**Given information:**
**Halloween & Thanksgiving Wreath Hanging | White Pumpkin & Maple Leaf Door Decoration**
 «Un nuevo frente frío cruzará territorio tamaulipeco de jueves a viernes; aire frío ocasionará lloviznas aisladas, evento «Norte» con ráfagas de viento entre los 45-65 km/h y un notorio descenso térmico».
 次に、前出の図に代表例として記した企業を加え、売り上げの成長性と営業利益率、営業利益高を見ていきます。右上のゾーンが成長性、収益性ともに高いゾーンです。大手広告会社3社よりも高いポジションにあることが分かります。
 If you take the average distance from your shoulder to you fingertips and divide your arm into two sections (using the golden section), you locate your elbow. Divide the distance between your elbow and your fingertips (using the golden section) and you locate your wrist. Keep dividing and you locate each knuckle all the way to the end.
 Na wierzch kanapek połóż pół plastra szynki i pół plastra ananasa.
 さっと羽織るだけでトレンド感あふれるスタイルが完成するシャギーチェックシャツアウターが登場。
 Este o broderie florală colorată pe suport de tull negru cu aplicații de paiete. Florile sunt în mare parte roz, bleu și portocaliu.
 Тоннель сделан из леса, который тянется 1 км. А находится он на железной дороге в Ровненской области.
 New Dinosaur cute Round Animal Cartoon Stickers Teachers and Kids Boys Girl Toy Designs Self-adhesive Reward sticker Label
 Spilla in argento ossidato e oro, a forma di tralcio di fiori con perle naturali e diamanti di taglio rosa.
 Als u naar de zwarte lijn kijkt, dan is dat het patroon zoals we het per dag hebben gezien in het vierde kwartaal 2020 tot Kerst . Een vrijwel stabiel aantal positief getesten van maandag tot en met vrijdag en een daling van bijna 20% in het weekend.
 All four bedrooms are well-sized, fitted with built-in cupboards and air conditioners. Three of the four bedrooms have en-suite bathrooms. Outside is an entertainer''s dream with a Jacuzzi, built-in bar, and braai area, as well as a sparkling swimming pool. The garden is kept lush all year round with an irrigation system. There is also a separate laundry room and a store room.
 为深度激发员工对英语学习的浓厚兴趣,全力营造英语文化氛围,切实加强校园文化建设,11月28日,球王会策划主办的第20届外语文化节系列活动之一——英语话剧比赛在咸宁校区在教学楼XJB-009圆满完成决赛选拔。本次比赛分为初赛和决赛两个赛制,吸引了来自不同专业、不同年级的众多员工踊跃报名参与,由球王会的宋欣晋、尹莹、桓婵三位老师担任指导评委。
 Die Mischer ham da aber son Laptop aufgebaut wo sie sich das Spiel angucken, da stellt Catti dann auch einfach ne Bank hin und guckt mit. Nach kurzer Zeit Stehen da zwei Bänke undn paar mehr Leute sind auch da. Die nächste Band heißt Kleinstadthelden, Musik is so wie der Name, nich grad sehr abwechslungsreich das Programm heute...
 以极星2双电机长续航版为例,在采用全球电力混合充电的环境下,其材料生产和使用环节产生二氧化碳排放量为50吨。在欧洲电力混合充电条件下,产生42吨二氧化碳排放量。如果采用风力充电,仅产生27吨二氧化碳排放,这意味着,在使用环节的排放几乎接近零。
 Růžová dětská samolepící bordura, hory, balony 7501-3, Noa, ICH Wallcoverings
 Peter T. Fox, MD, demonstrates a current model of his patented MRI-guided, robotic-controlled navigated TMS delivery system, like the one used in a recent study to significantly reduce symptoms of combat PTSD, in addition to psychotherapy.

**What is expected:** Your answer should consist of the lines from the material that contain "system".

**Exercise result:**
 All four bedrooms are well-sized, fitted with built-in cupboards and air conditioners. Three of the four bedrooms have en-suite bathrooms. Outside is an entertainer''s dream with a Jacuzzi, built-in bar, and braai area, as well as a sparkling swimming pool. The garden is kept lush all year round with an irrigation system. There is also a separate laundry room and a store room.
 Peter T. Fox, MD, demonstrates a current model of his patented MRI-guided, robotic-controlled navigated TMS delivery system, like the one used in a recent study to significantly reduce symptoms of combat PTSD, in addition to psychotherapy.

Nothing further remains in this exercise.